Creating a Linux distribution from scratch is viewed as a daunting task, and it shouldn't be. The process involves creating a toolchain, using that toolchain to create a root file system, and then building a kernel. The process isn't complex, it just requires you to carefully follow many steps to build the proper tools. After you go over the instructions for building a toolchain and understand how it works, the smartest route may be to use a tool that builds a toolchain, such as crosstool-NG, to build the root file system and kernel. In prior years, before Linux's popularity with board vendors and chip makers hit its stride, support for any hardware platform other than Intel's X86 was spotty; however, with Linux becoming the platform of choice for embedded devices, support for most embedded hardware platforms is part of the Linux kernel and toolchain.
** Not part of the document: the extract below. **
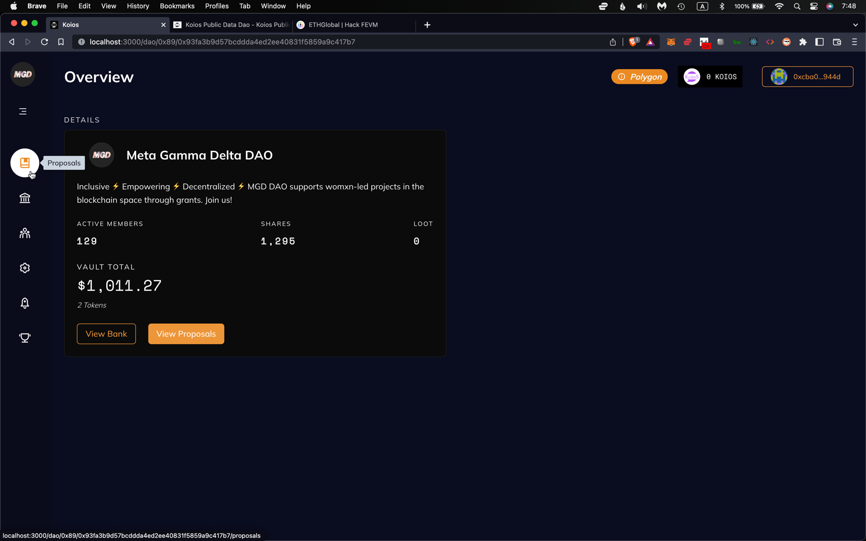 Koios is a no-code Data DAO platform where anyone can launch, manage, and upgrade data DAOs that can enable data publishers, algorithm developers, and consumers to manage and use datasets. Anyone can create a DAO from an NFT or token and manage that DAO by allowing members to participate in things like staking, proposing, investment vaults, NFT galleries, and voting.
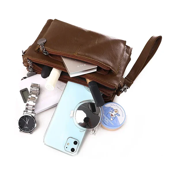 This genuine leather bag is great for carrying your cell phone, credit cards, cash, coin, and daily essentials.

These are fine approaches to getting a Linux distribution, but building from scratch gives you the most control over the composition of the distribution and how it works. The learning curve to create a distribution from scratch is also about the same (at least for me) as learning a distribution-building tool, and the skill is more transferable. Making a Linux distribution involves these steps:
1. Build a cross-compiler.
2. Use the cross-compiler to build a kernel.
3. Use the cross-compiler to build a root file system.
4. Roll the root file system into something the kernel can use to boot.
A cross-compiler is the Rosetta stone (the flux capacitor, if you will) of embedded development. Until this tool has been built, the kernel can't be built - nor can the root file system's programs be built. This article goes over how to create a toolchain for an ARM board and then build the kernel and root file system. Because the Linux kernel has matured, the sources in the main projects don't need the level of patches they once did in order to support common embedded targets The hunting and gathering step snares many who build distributions from scratch, because there is no canonical place where you can locate the patches for a certain revision of the tools used in the build. Building the toolchain is still one of the more complex bits of the process, and a reasonable tool is available that just builds a toolchain: crosstool-NG. After you build a toolchain from scratch, the article has you create one with crosstool-NG to compare the two processes.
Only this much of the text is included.